L’ouverture de ces cartons a été un moment difficile, rendant plus sensible l’absence de ton père.
C’est dur de se dire que nous ne partagerons plus jamais rien ensemble. Retenir son geste, lorsque l’on voudrait prendre son téléphone pour lui parler d’une chose ou d’une autre. S’arrêter en plein élan lorsqu’en pensée on se dit : « tiens, il faudra que j’en parle à Bernard » ou « il faudra que je demande à Bernard comment on fait… »
Cela fait plus d’un an, et pourtant j’ai encore ces réflexes parfois. Dans des moments d’inattention je me laisse encore surprendre.
Dans ces cartons, il y avait aussi des photos et des diapos. Des photos de ta mère, de toi, de vous… Nous les gardons aussi pour toi. Tu verras que ton père s’est toujours occupé de toi. Tu verras que tu as passé du temps avec lui et avec nous. Tu verras que ta mère ne t’a pas tout dit. Tu verras que vous avez vécu de très belles choses ton père et toi.
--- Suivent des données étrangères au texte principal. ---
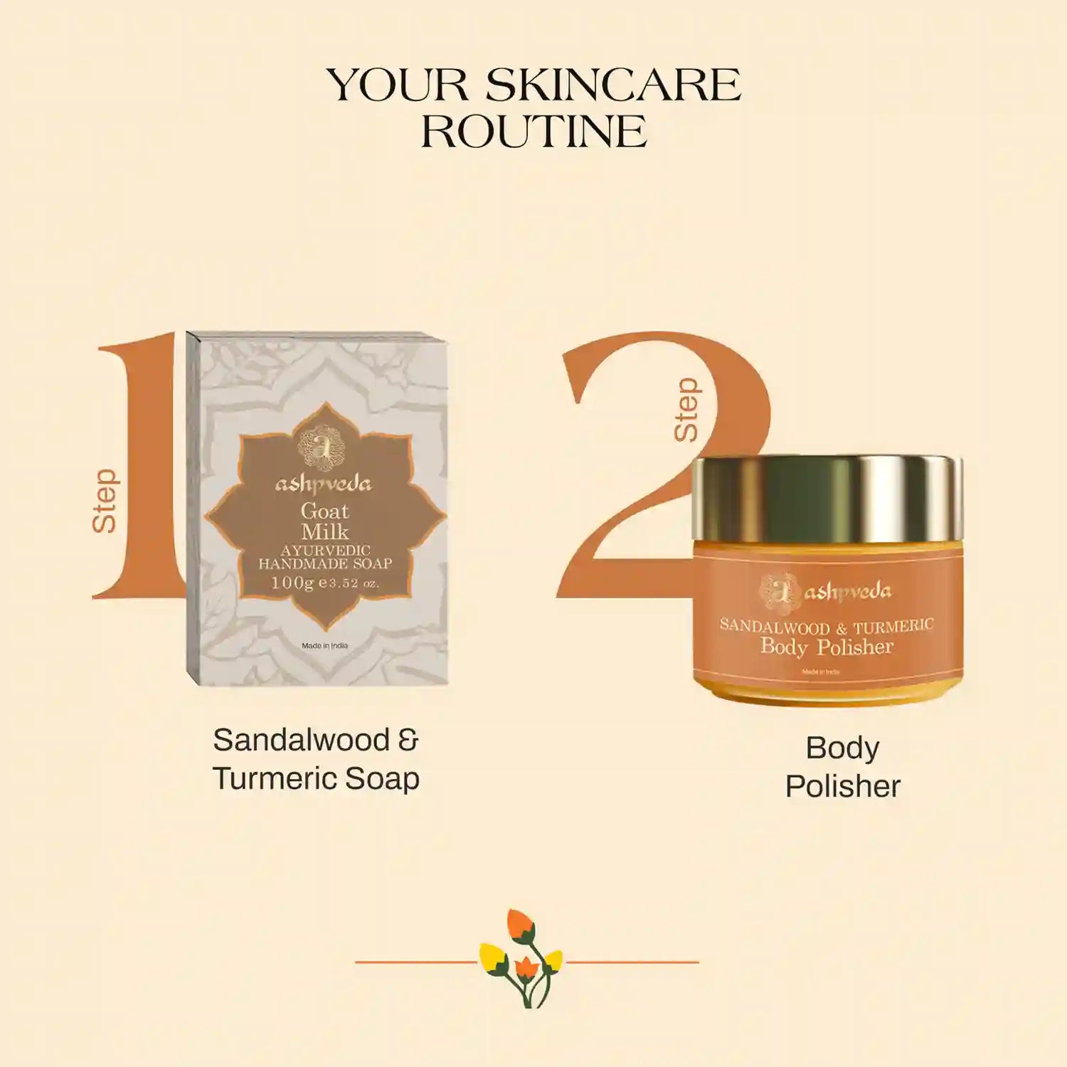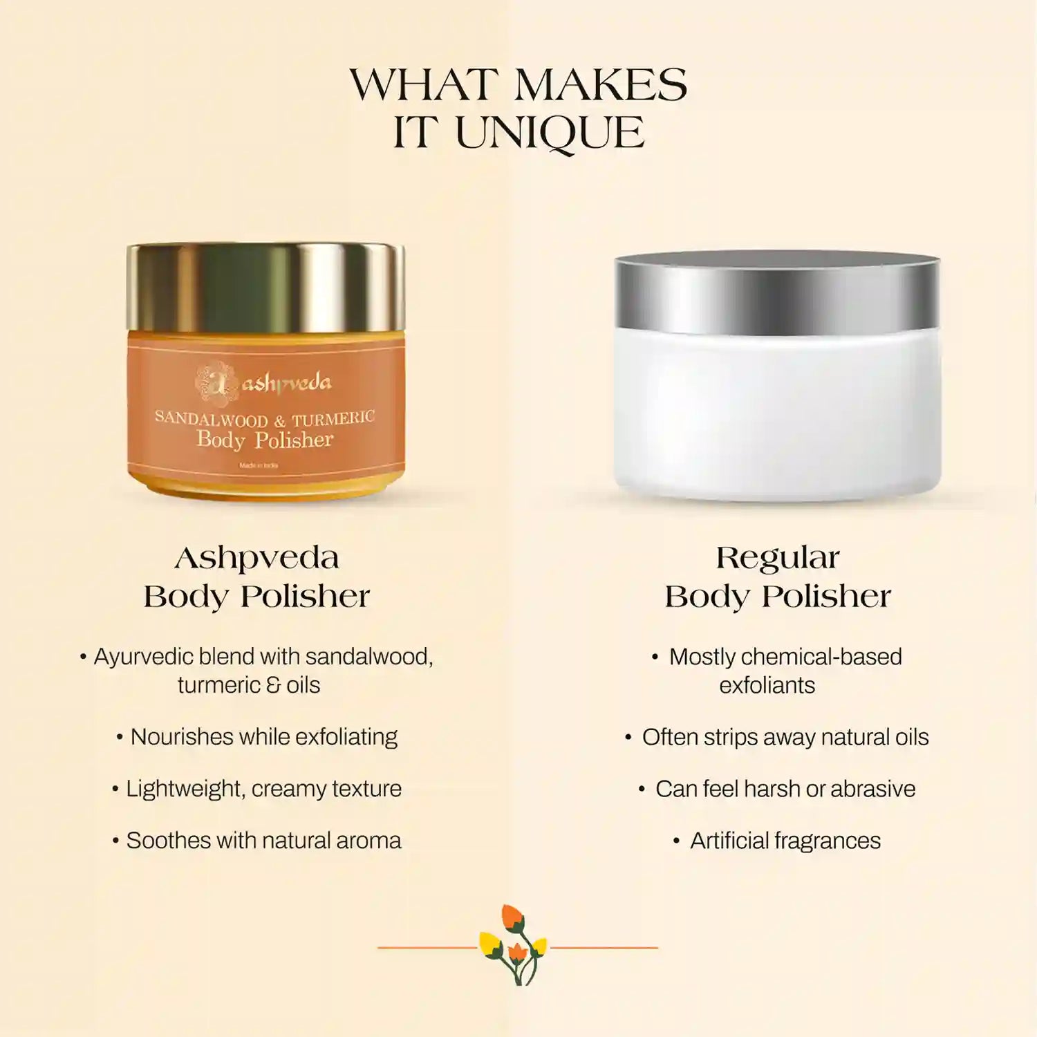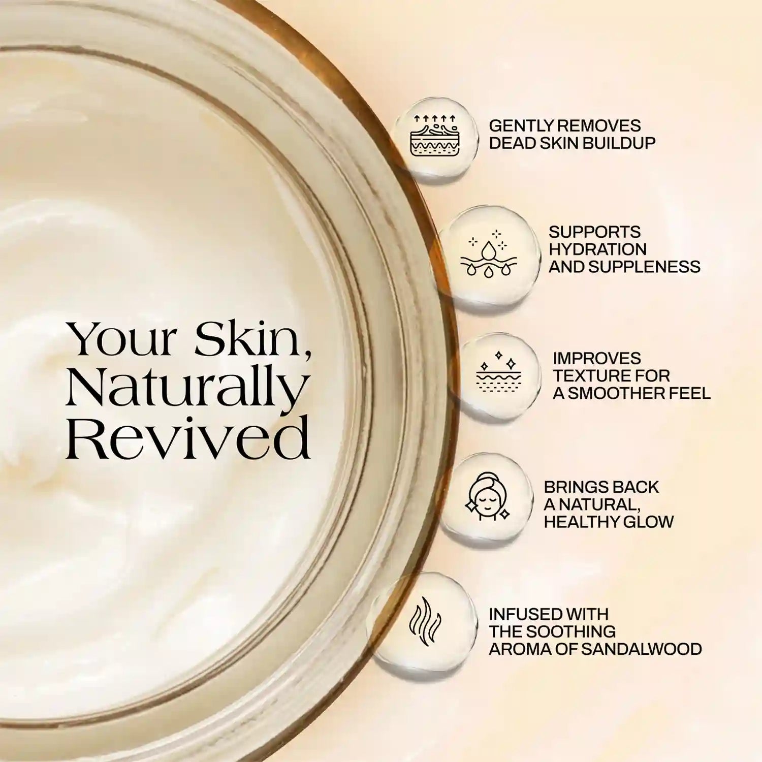 Indulge in the Noorani Body Polisher, a luxurious Ayurvedic scrub blending sandalwood, turmeric, and rich oils with exfoliating sugar and salts for glowing, smooth skin.

Mais c’est frustrant de savoir que tu grandis entourée des mensonges construits par ta mère et ses proches. Bien sûr, nous espérons qu’un jour ce mur de mensonges tombera, car il faudra bien qu’un jour tu ais accès à cette autre partie de ta vie, mais c’est quand même frustrant.
Aujourd’hui tes grands parents ne sont qu’à quelques kilomètres de toi, à Rochefort, pourtant ils n’ont pas la possibilité d’aller te voir, parce que ta mère fait barrière et que la justice se fait timide. Dieu sait que ce n’est pas l’envie qui nous a manqué plus d’une fois, d’aller te voir, de braver ta mère et la justice, mais nous savons que ta mère s’en servirait contre nous, et nous n’avons plus aucune confiance en la justice pour déceler le juste du faux. Et puis, celle qui en souffrirait le plus c’est toi.
Il se peut que tu ne comprennes pas que nous restions en retrait, que nous n’engagions pas un bras de fer avec ta mère. Mais nous comptons sur le temps, pour que les choses se fassent en douceur pour toi. Un jour tu comprendras que nous avons évité d’entrer dans le jeu des hostilités, de la guerre et de la haine que ta mère sait si bien pratiquer.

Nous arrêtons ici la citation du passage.